# 60X Custom Strings is hiring



## 60X (Nov 8, 2002)

Due to rapid expansion 60X Custom Strings is looking to add to our growing staff. This position will be hands on building bowstrings for the archery industry using our specialized process and machines. The job is fast paced and requires high attention to detail with quality being the #1 priority. Archery experience or knowledge is helpful but not 100% necessary. You can visit our website at www.60XCustomStrings.com to get a little idea about us and our products.
Ideal applicant will:

*good working with your hands
* able to read a ruler down to 1/64"
*able to work with fractions and decimals
* have common sense
*think and work independently
*have general math skills and able to use formulas
*pass background and drug test

Full and part time positions available. Starting salary $9-$18/hr based on output with room for fast advancement.
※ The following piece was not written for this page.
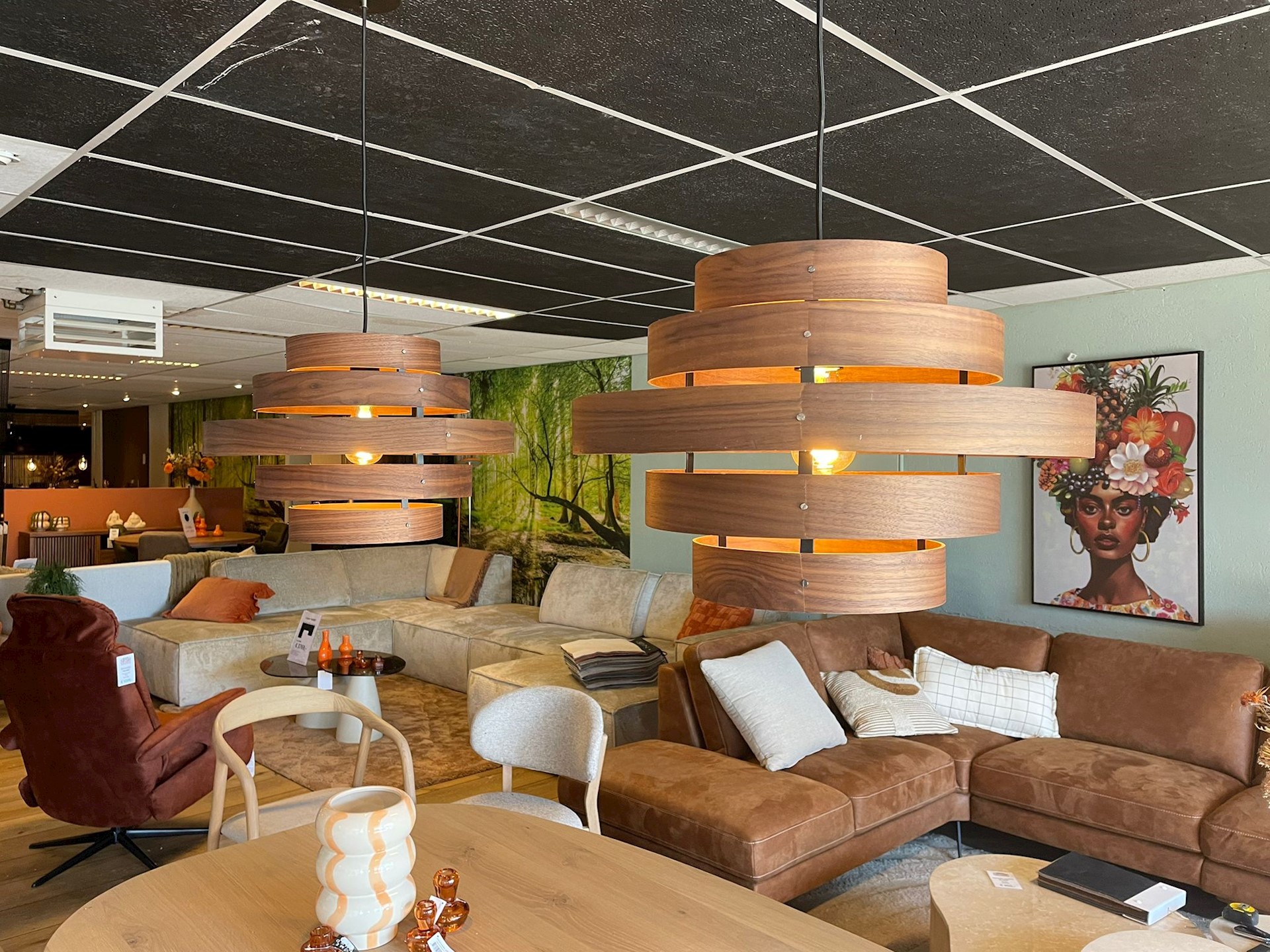 Hanglamp Evi brengt stijl en sfeer in huis met zijn moderne, matzwarte design. Door de verstelbare hoogte hangt hij altijd precies goed – perfect boven de eettafel of in uw knusse zithoek. Ze kost €259,- Er is ook een vloerlamp en een tafellamp.

Resumes can be accepted at [email protected]


----------



## 60X (Nov 8, 2002)

still accepting resumes


----------



## 60X (Nov 8, 2002)

Always looking for hard workers


----------



## DarMadness (Jun 21, 2014)

i am great with my hands and have been in construction for many years. i want to learn how to make bowstrings and so i am wondering where i could do this from assuming canada toronto wont be an option


----------



## bradley.spe.733 (Aug 24, 2014)

Do I have to move somewhere or could I do it at my house?


----------



## 60X (Nov 8, 2002)

these are in house positions at our Cowansville, Pa facility


----------



## Msbowhunter18 (Oct 21, 2012)

Could you do this from your house?


----------



## 60X (Nov 8, 2002)

This cannot be done from home unless you have your own layup and serving machines. :wink:


----------



## shooter74 (Jul 7, 2005)

for 9 to 18 a hour that not close just to pick up and move over there good luck fining someone maybe you should fine someone around there...


----------



## HerbieJ (Oct 6, 2014)

shooter74 said:


> for 9 to 18 a hour that not close just to pick up and move over there good luck fining someone maybe you should fine someone around there...


Good thing there is people from PA on this board.....


----------



## TexasLiberty (Dec 8, 2013)

I'm thinking that some people should pay closer attention in English class.


----------